---- Dataset records

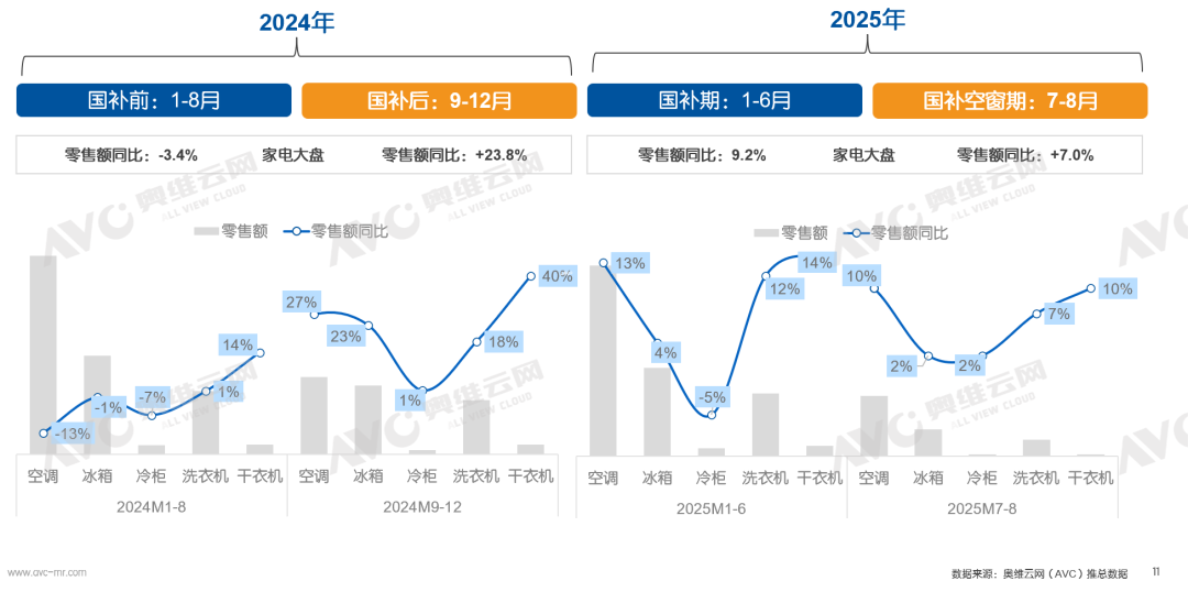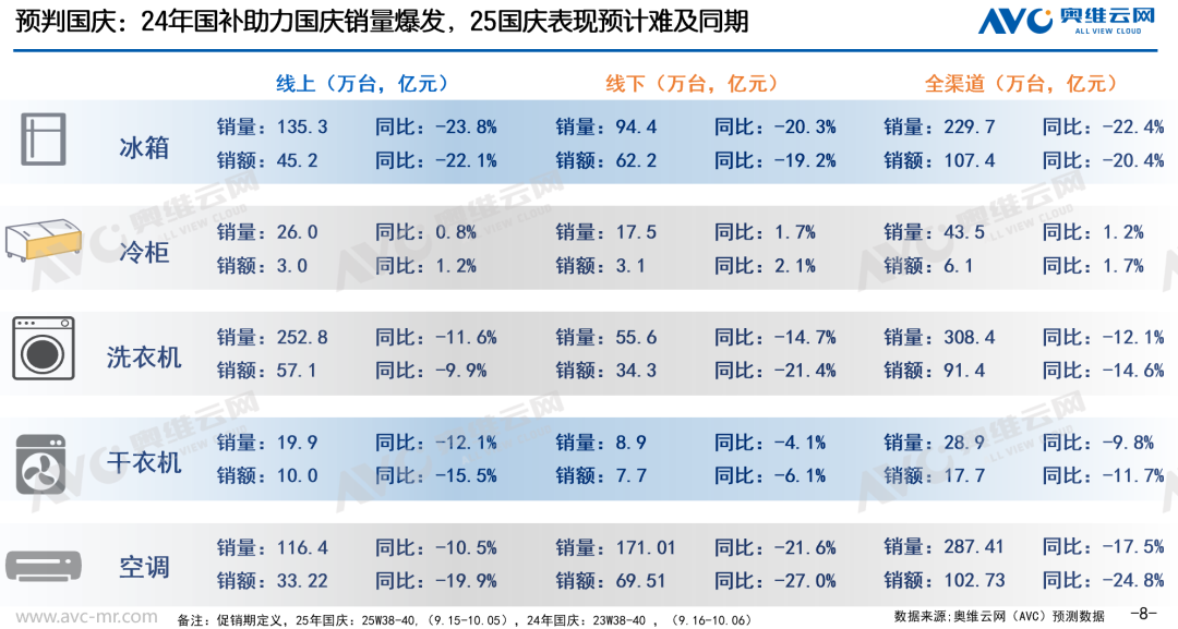 国补边际效应减弱,25年国庆需做好预期管理当前国补政策对家电行业的拉动效应正在逐渐递减。据奥维云网(AVC)推总数据显示,2024 年 9-12 月,家电全渠道零售额大盘同比增长 23.8%,细分品类中,空调、冰箱、洗衣,推总同比增幅分别达 27%、23%、18%,展现出较强的补贴驱动效果;但到2025年7-8月,家电大盘同比增幅已大幅收窄至仅 7%。对比来看,去年9-12月曾受国补显著拉动的家电品类,如今已全线陷入增长失速的局面。
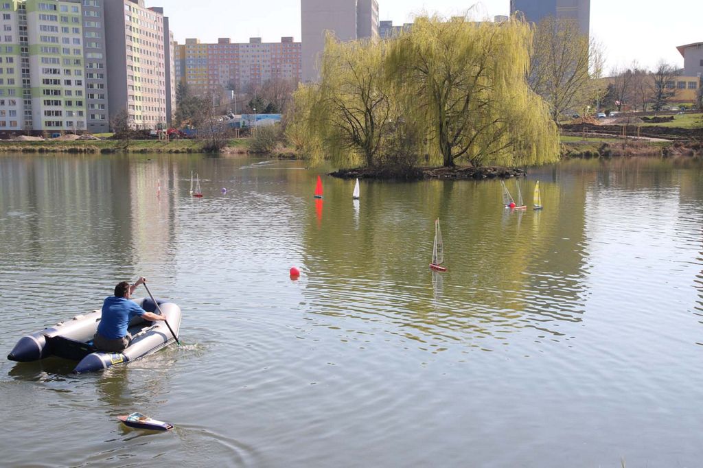 Nicméně soutěžní odpoledne začalo kategorií Footy, kdy se k mé maličkosti připojilo dalších 6 modelářů. Krátce po odstartování mi na rameno zaklepala reportérka regionální televize s dotazem, zda se mnou může natočit rozhovor. Může, ovšem musí deset minut počkat. Snad ve stresu z blížícího se mediálního výstupu jsem mezi jednotlivými jízdami ve snaze nezdržovat štáb zanedbal kontrolu vody v podpalubí, až se Footyna ve 2/3 třetí jízdy změnila v jednorázovou ponorku a nikdo ji nespatřil více. Nestihl jsem ani vytáhnout fotoaparát, natož vyslat zjara pořízený nafukovací svážecí člun![]()
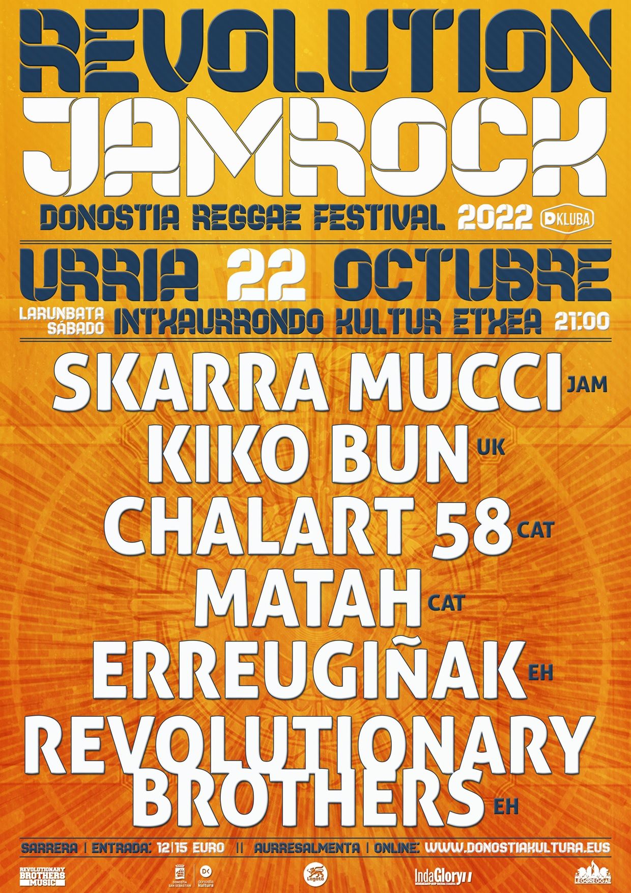 Tras dos décadas de trayectoria musical Revolutionary Brothers ha decidido aprovechar la novena edición del festival Revolution JamRock para celebrar su aniversario. Un evento que dará comienzo a las 21:00 horas y que durará hasta las dos de la mañana. Al escenario de la Kultur Etxea de Intxaurrondo se subirán grandes artistas como Skarra Mucci, llegado desde Jamaica es cabeza de cartel. Aunque como gran reclamo también está Kiko Bun, el inglés que pisará por primera vez Euskadi en el marco de este festival.
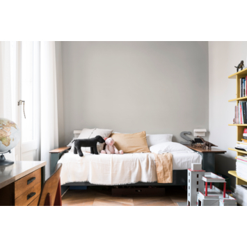 Wolkenwit is een frisse, lichte wittint met een koele ondertoon. Deze kleur zorgt voor een open en helder effect in de ruimte en is zeer geschikt om licht te brengen in kleinere of minder goed verlichte kamers. Wolkenwit laat zich goed combineren met neutrale grijstinten, koelblauw en licht hout en sluit mooi aan bij moderne, Scandinavische en minimalistische interieurs.
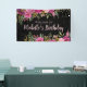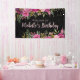 Black Pink Purple Floral Gold Glitter Birthday Banner
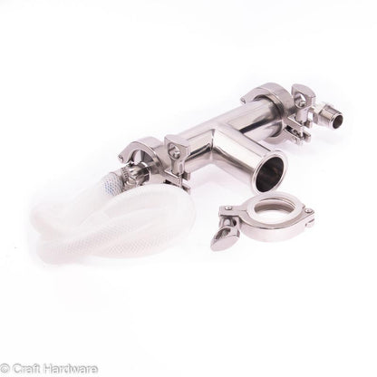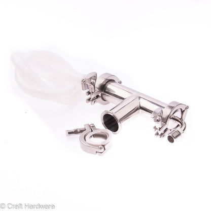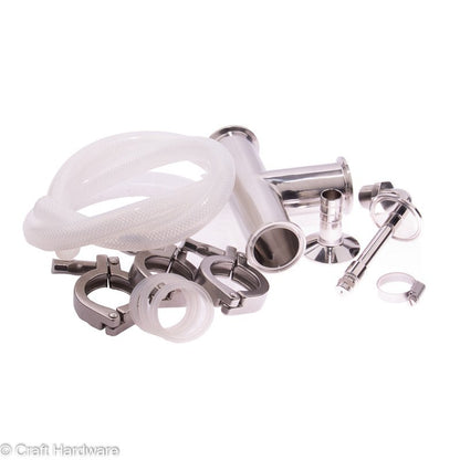 Der Dampfkondensator ist eine gute Lösung für das Problem, mit dem wir alle beim Brauen in Innenräumen konfrontiert sind: Was tun mit dem Dampf? Der Dampfkondensator ist eine einfache Lösung, die an deinem Sudkessel montiert werden kann. Eine Wasserzufuhr an den Kondensator anschließen, den Kessel abdecken und den Kondensator beim Kochen einschalten. Das kalte Wasser bewirkt eine Phasenänderung des aus dem Kessel austretenden Dampfes und das nun erwärmte Wasser wird über den Ausgangsschlauch abgelassen. Eine vollständige Erklärung des Konzepts findest du in diesem Blog-Artikel.

--------

All of the data above must be printed exactly, minus its pictures.

**Reply to the task:**
 国补边际效应减弱,25年国庆需做好预期管理当前国补政策对家电行业的拉动效应正在逐渐递减。据奥维云网(AVC)推总数据显示,2024 年 9-12 月,家电全渠道零售额大盘同比增长 23.8%,细分品类中,空调、冰箱、洗衣,推总同比增幅分别达 27%、23%、18%,展现出较强的补贴驱动效果;但到2025年7-8月,家电大盘同比增幅已大幅收窄至仅 7%。对比来看,去年9-12月曾受国补显著拉动的家电品类,如今已全线陷入增长失速的局面。
 Nicméně soutěžní odpoledne začalo kategorií Footy, kdy se k mé maličkosti připojilo dalších 6 modelářů. Krátce po odstartování mi na rameno zaklepala reportérka regionální televize s dotazem, zda se mnou může natočit rozhovor. Může, ovšem musí deset minut počkat. Snad ve stresu z blížícího se mediálního výstupu jsem mezi jednotlivými jízdami ve snaze nezdržovat štáb zanedbal kontrolu vody v podpalubí, až se Footyna ve 2/3 třetí jízdy změnila v jednorázovou ponorku a nikdo ji nespatřil více. Nestihl jsem ani vytáhnout fotoaparát, natož vyslat zjara pořízený nafukovací svážecí člun![]()
 Tras dos décadas de trayectoria musical Revolutionary Brothers ha decidido aprovechar la novena edición del festival Revolution JamRock para celebrar su aniversario. Un evento que dará comienzo a las 21:00 horas y que durará hasta las dos de la mañana. Al escenario de la Kultur Etxea de Intxaurrondo se subirán grandes artistas como Skarra Mucci, llegado desde Jamaica es cabeza de cartel. Aunque como gran reclamo también está Kiko Bun, el inglés que pisará por primera vez Euskadi en el marco de este festival.
 Wolkenwit is een frisse, lichte wittint met een koele ondertoon. Deze kleur zorgt voor een open en helder effect in de ruimte en is zeer geschikt om licht te brengen in kleinere of minder goed verlichte kamers. Wolkenwit laat zich goed combineren met neutrale grijstinten, koelblauw en licht hout en sluit mooi aan bij moderne, Scandinavische en minimalistische interieurs.
 Black Pink Purple Floral Gold Glitter Birthday Banner
 Der Dampfkondensator ist eine gute Lösung für das Problem, mit dem wir alle beim Brauen in Innenräumen konfrontiert sind: Was tun mit dem Dampf? Der Dampfkondensator ist eine einfache Lösung, die an deinem Sudkessel montiert werden kann. Eine Wasserzufuhr an den Kondensator anschließen, den Kessel abdecken und den Kondensator beim Kochen einschalten. Das kalte Wasser bewirkt eine Phasenänderung des aus dem Kessel austretenden Dampfes und das nun erwärmte Wasser wird über den Ausgangsschlauch abgelassen. Eine vollständige Erklärung des Konzepts findest du in diesem Blog-Artikel.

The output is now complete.